___ SOURCE DATA ___
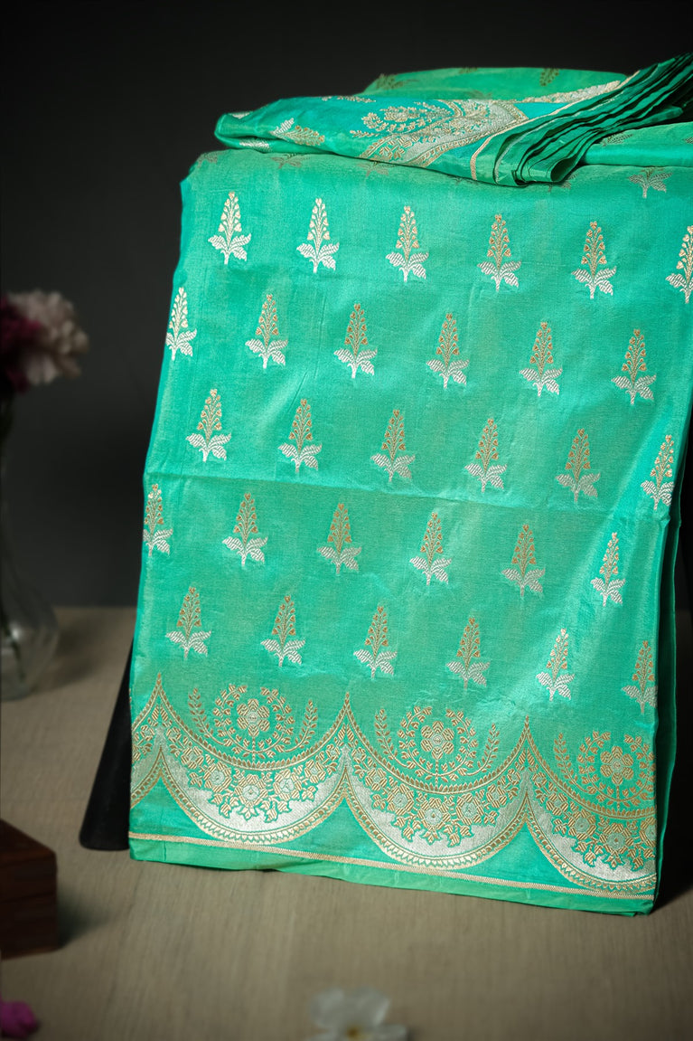 Mandir Sea Green & Teal Banarasi Buttis Saree
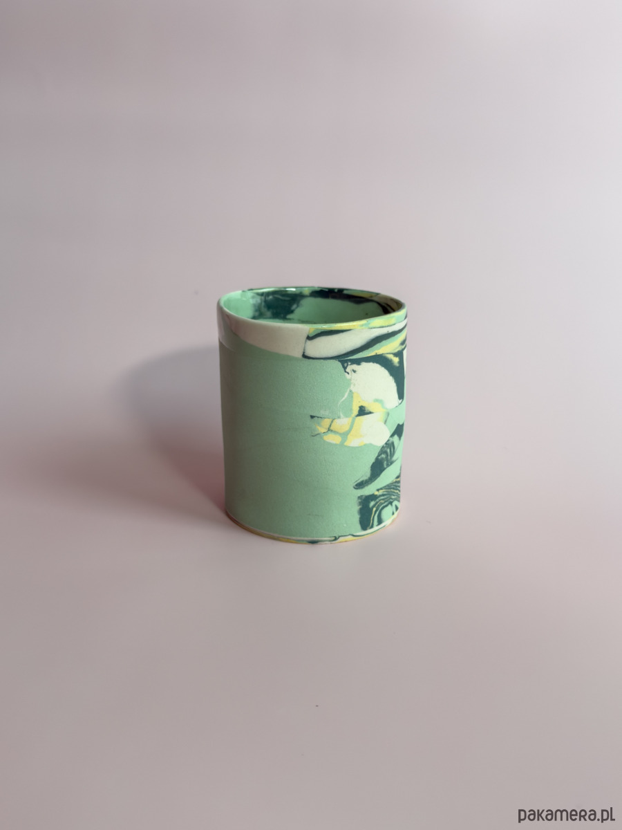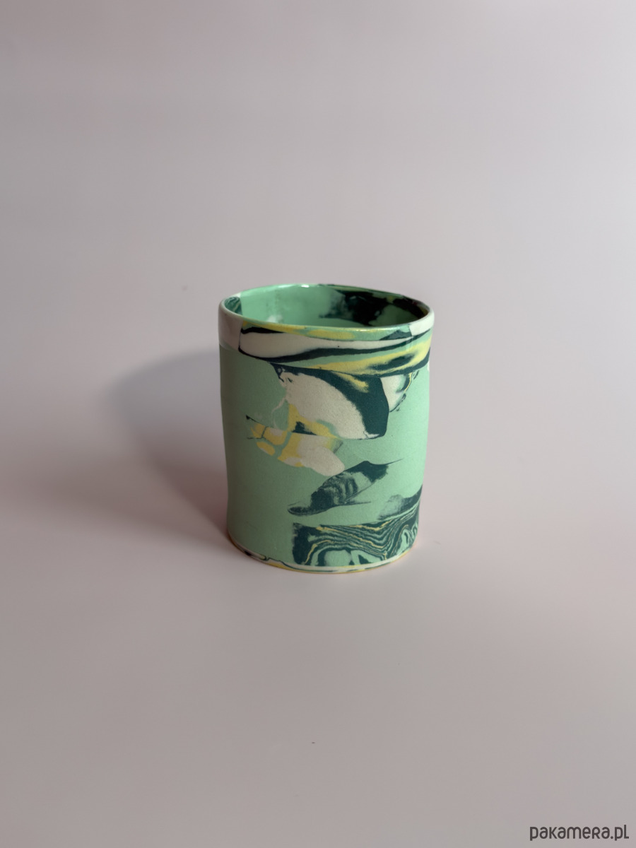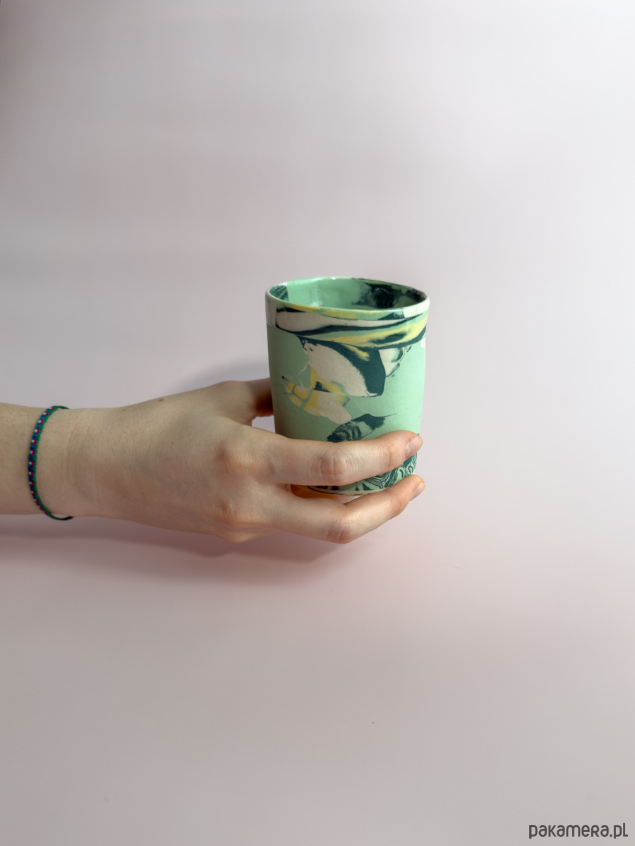 Kubek bez ucha, wykonany ręcznie w technice nerikomi, w której wzór powstaje z połączenia barwionych mas gliny i jest częścią samego materiału.
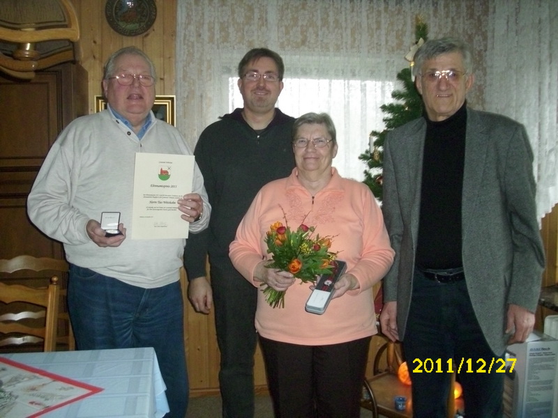 2001 wurde Ties Witthohn Ehrenvorsitzender der Siedlergemeinschaft Wöhrden und jetzt, 10 Jahre später, wurde ihm der Ehrenamtspreis der Gemeinde überreicht. Als Zeichen für die langjährliche familiäre Unterstützung durch seine Frau, erhielt sie einen Blumenstrauß und eine Uhr.
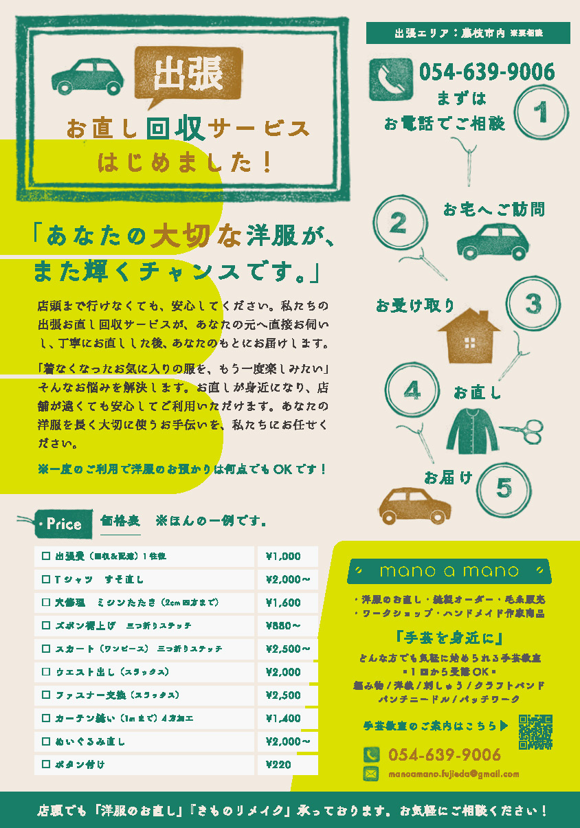 出張お直し回収サービスはじめました!(藤枝市内限定)
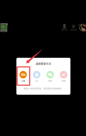 1、选择小米账号登录方式,点击红框标注的MI图标进入。
___
#### PROBLEM TO WORK ON
Everything from the first line of the entries above through the line with "Kubek bez ucha, wykonany" should be duplicated exactly, except the pictures.

#### EXERCISE RESULT
 Mandir Sea Green & Teal Banarasi Buttis Saree
 Kubek bez ucha, wykonany ręcznie w technice nerikomi, w której wzór powstaje z połączenia barwionych mas gliny i jest częścią samego materiału.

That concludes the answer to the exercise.